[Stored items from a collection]
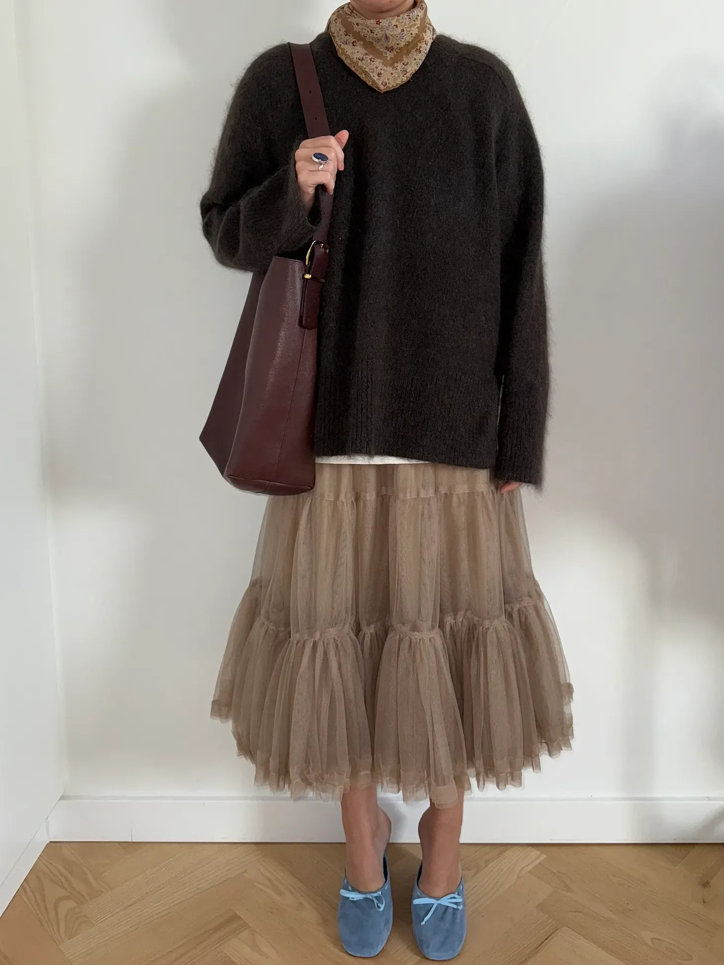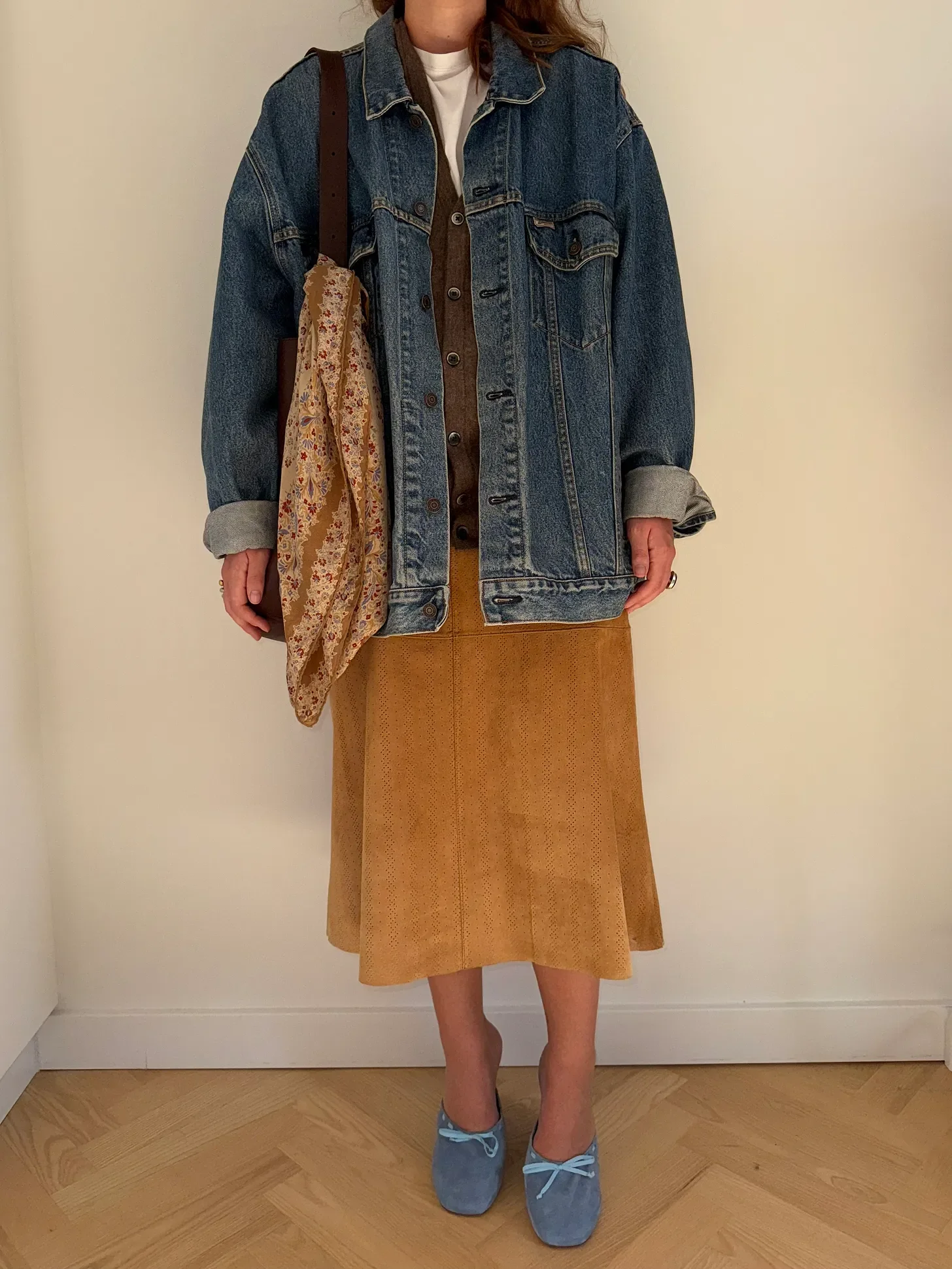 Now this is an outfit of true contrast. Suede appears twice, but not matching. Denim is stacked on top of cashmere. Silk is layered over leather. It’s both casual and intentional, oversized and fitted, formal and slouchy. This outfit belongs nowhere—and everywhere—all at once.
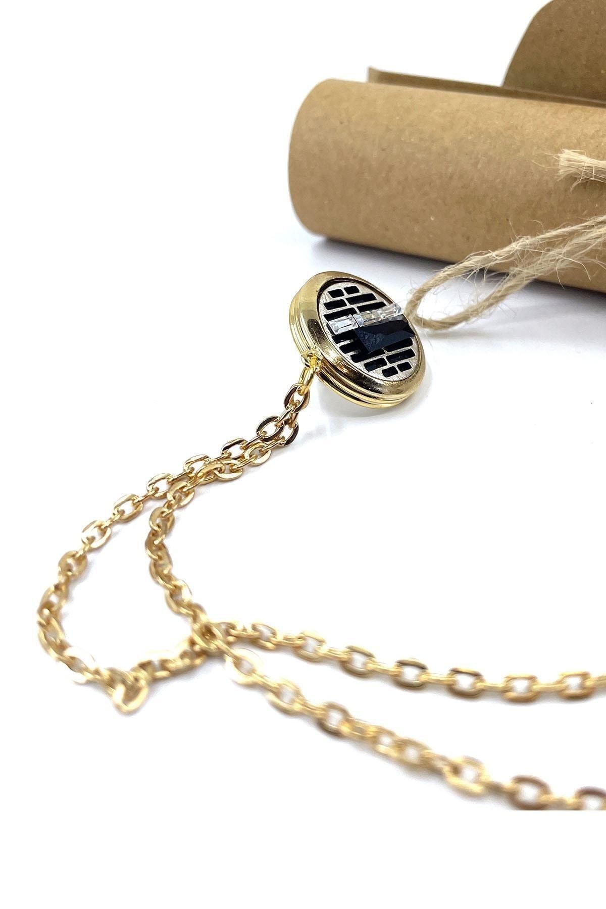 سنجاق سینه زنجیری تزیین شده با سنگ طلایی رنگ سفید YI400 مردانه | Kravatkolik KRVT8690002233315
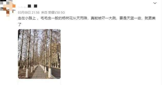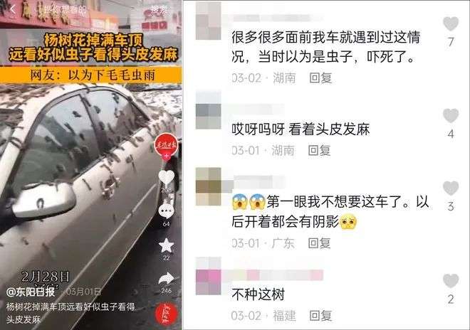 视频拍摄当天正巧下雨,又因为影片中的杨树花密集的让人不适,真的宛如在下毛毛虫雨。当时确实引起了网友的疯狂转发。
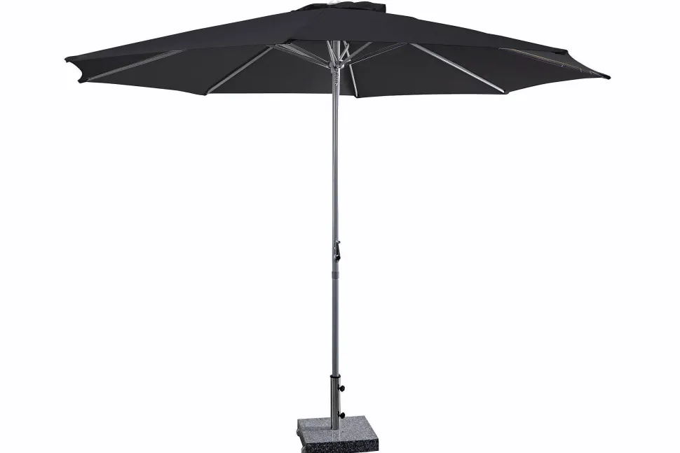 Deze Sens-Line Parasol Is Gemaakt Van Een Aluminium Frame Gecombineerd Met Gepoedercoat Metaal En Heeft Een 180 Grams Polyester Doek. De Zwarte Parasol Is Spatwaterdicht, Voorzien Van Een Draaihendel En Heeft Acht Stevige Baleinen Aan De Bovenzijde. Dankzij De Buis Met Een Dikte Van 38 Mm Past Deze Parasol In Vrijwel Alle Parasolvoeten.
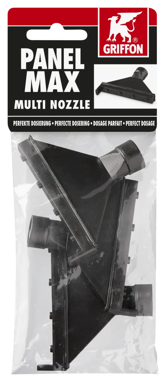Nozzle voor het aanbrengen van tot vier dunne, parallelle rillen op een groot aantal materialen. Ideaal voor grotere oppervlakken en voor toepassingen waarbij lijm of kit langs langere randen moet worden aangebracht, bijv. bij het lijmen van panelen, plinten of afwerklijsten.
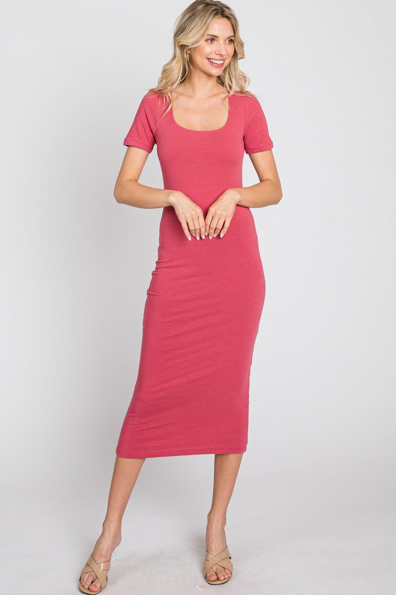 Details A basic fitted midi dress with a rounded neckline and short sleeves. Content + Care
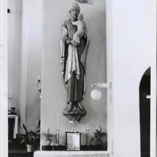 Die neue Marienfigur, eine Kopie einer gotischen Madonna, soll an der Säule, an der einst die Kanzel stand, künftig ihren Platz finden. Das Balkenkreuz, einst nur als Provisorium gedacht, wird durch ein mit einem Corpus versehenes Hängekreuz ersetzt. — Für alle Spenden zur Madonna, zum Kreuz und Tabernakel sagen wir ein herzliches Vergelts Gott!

§ **TASK BRIEF**:
From the line with "سنجاق سینه زنجیری" down to the last line of the entries above, set down every line exactly, apart from the pictures.

§ **TASK OUTPUT**:
 سنجاق سینه زنجیری تزیین شده با سنگ طلایی رنگ سفید YI400 مردانه | Kravatkolik KRVT8690002233315
 视频拍摄当天正巧下雨,又因为影片中的杨树花密集的让人不适,真的宛如在下毛毛虫雨。当时确实引起了网友的疯狂转发。
 Deze Sens-Line Parasol Is Gemaakt Van Een Aluminium Frame Gecombineerd Met Gepoedercoat Metaal En Heeft Een 180 Grams Polyester Doek. De Zwarte Parasol Is Spatwaterdicht, Voorzien Van Een Draaihendel En Heeft Acht Stevige Baleinen Aan De Bovenzijde. Dankzij De Buis Met Een Dikte Van 38 Mm Past Deze Parasol In Vrijwel Alle Parasolvoeten.
Nozzle voor het aanbrengen van tot vier dunne, parallelle rillen op een groot aantal materialen. Ideaal voor grotere oppervlakken en voor toepassingen waarbij lijm of kit langs langere randen moet worden aangebracht, bijv. bij het lijmen van panelen, plinten of afwerklijsten.
 Details A basic fitted midi dress with a rounded neckline and short sleeves. Content + Care
 Die neue Marienfigur, eine Kopie einer gotischen Madonna, soll an der Säule, an der einst die Kanzel stand, künftig ihren Platz finden. Das Balkenkreuz, einst nur als Provisorium gedacht, wird durch ein mit einem Corpus versehenes Hängekreuz ersetzt. — Für alle Spenden zur Madonna, zum Kreuz und Tabernakel sagen wir ein herzliches Vergelts Gott!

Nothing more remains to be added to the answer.